Collected data
----------
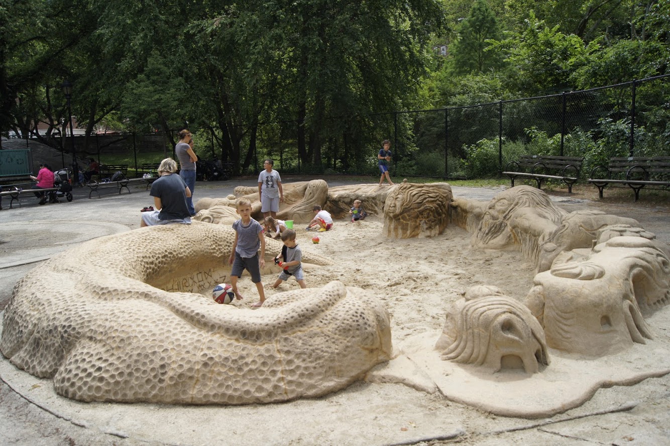 More permanent works by Lynas can be seen in several New York City parks, including the weathervane atop the Central Park Carousel and the concrete sandpit in River Run Playground at Riverside Park. Both were the result of commissions with the city in the late 1990s, though Lynas noted that the sand pit was originally a neighborhood-inspired project.
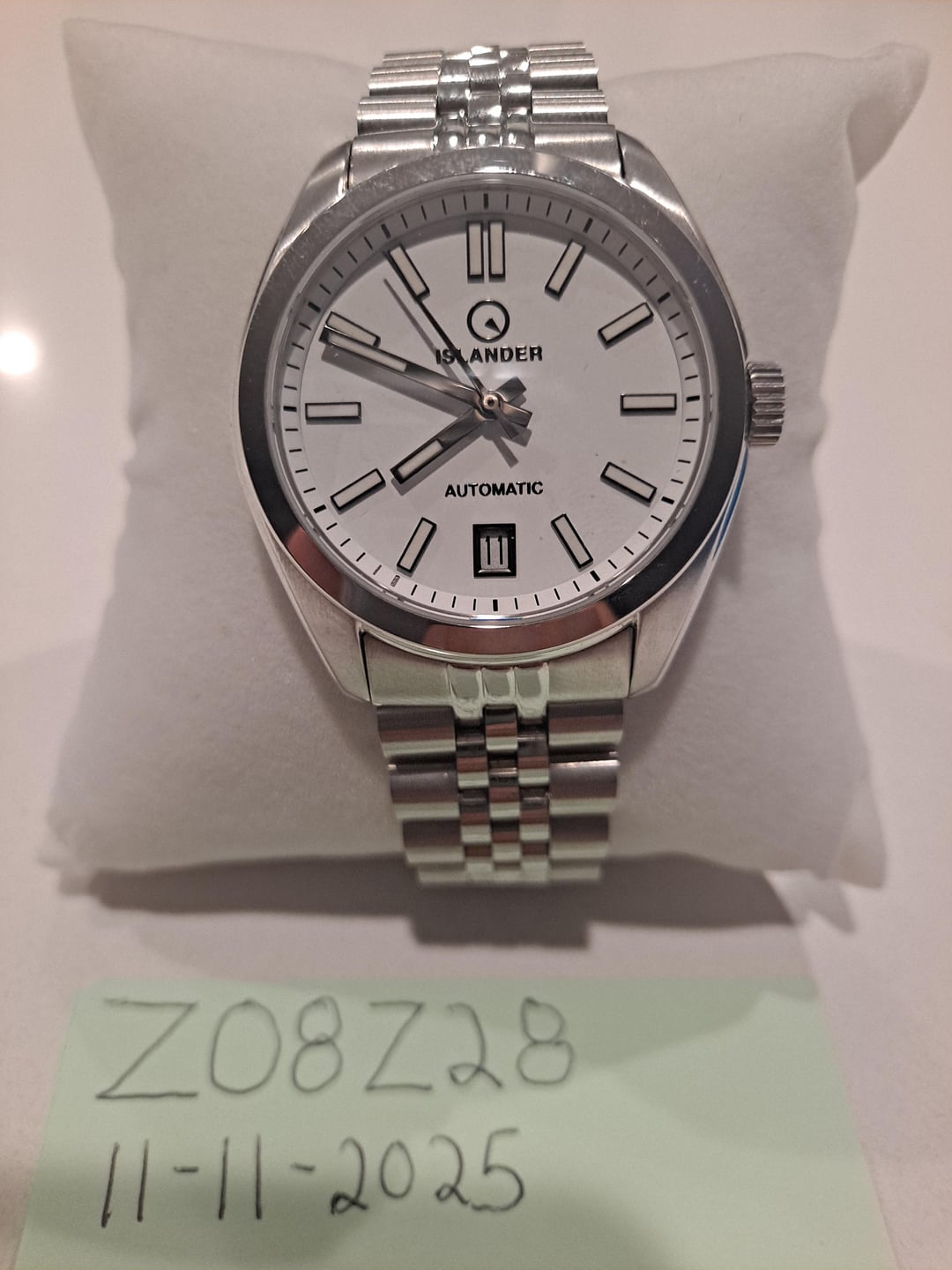 Selling my nearly mint Islander Brookville white dial, 38mm, High beat watch using a Miyota 9000 series movement. Selling only to make way for new watches. Watch was worn almost exclusively with a cloth type strap so the bracelet is in great shape. Asking $225 OBO and I will pay shipping and money transfer fees within the 48 states.
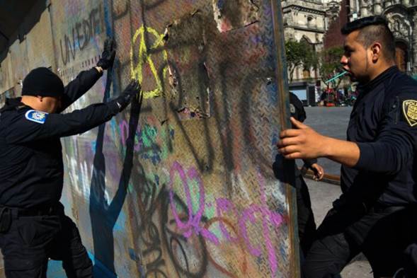 - Ciudad amurallada. Las gigantes vallas metálicas soldadas entre sí rodean Palacio Nacional y la Catedral Metropolitana. Jóvenes de Somos México “remodelaron” el muro de la ignominia que mandó poner la presidenta Claudia Sheinbaum en el Zócalo, dijo Guadalupe Acosta Naranjo en su cuenta de X.
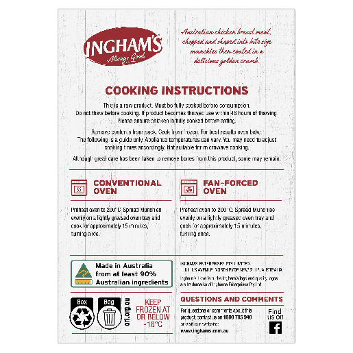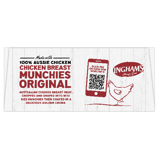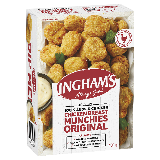 Ingham’s Chicken Breast Munchies Original is Australian chicken breast meat, chopped and shaped into bite size munchies then coated in a delicious golden crumb. Made with 100% Aussie chicken. No added hormones and has a good source of protein.
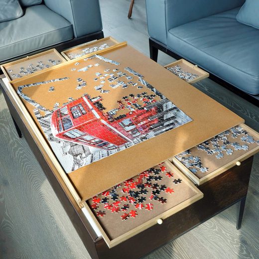 Solid & Stable: This jigsaw puzzle board is made of sturdy MDF wood for long term use. Sealed with lacquer finish to prevent warping. The wooden fence can prevent puzzle falling out, wood tones may vary. Jumbo Size: This puzzle table with drawers work space measures 26.4 x 35.4 and fits most 1500 pieces puzzles (puzzle sizes may vary). Safe Jigsaw Puzzles Organizer: Unique sorting, assembly, and storage system for jigsaw puzzles, keep your unfinished puzzles safe until next time. Large Storage Space: This puzzle storage board has five wooden-reinforced sliding drawers to sort and store your similar color puzzle pieces in 5 areas. Great Gift Idea: Place the wooden easel on a table or counter, and instantly have a surface to work on your puzzle, makes this jigsaw puzzle table a special puzzle accessory gift for Christmas, birthday, anniversaries, Mothers Day, or as an anytime present!
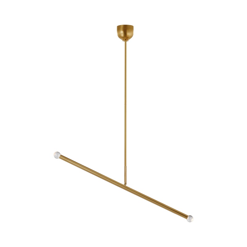 A clever mix of minimalism and geometry ratches up elegance with utilitarian and aesthetic results. Perpendicular silhouetting of a metal frame preserves easy optical benefits as the Rousseau LED Linear Chandelier from Visual Comfort Signature helps balance a strategic interior design scheme. Glass caps punctuate a cylinder body, filtering energy-efficient lighting at both ends in a subtle manner.
----------
Task to carry out: Would you copy out, exactly and with no pictures, only the lines above from the one that contains "- Ciudad amurallada." through the one that contains "Ingham’s Chicken Breast"?

Written response:
 - Ciudad amurallada. Las gigantes vallas metálicas soldadas entre sí rodean Palacio Nacional y la Catedral Metropolitana. Jóvenes de Somos México “remodelaron” el muro de la ignominia que mandó poner la presidenta Claudia Sheinbaum en el Zócalo, dijo Guadalupe Acosta Naranjo en su cuenta de X.
 Ingham’s Chicken Breast Munchies Original is Australian chicken breast meat, chopped and shaped into bite size munchies then coated in a delicious golden crumb. Made with 100% Aussie chicken. No added hormones and has a good source of protein.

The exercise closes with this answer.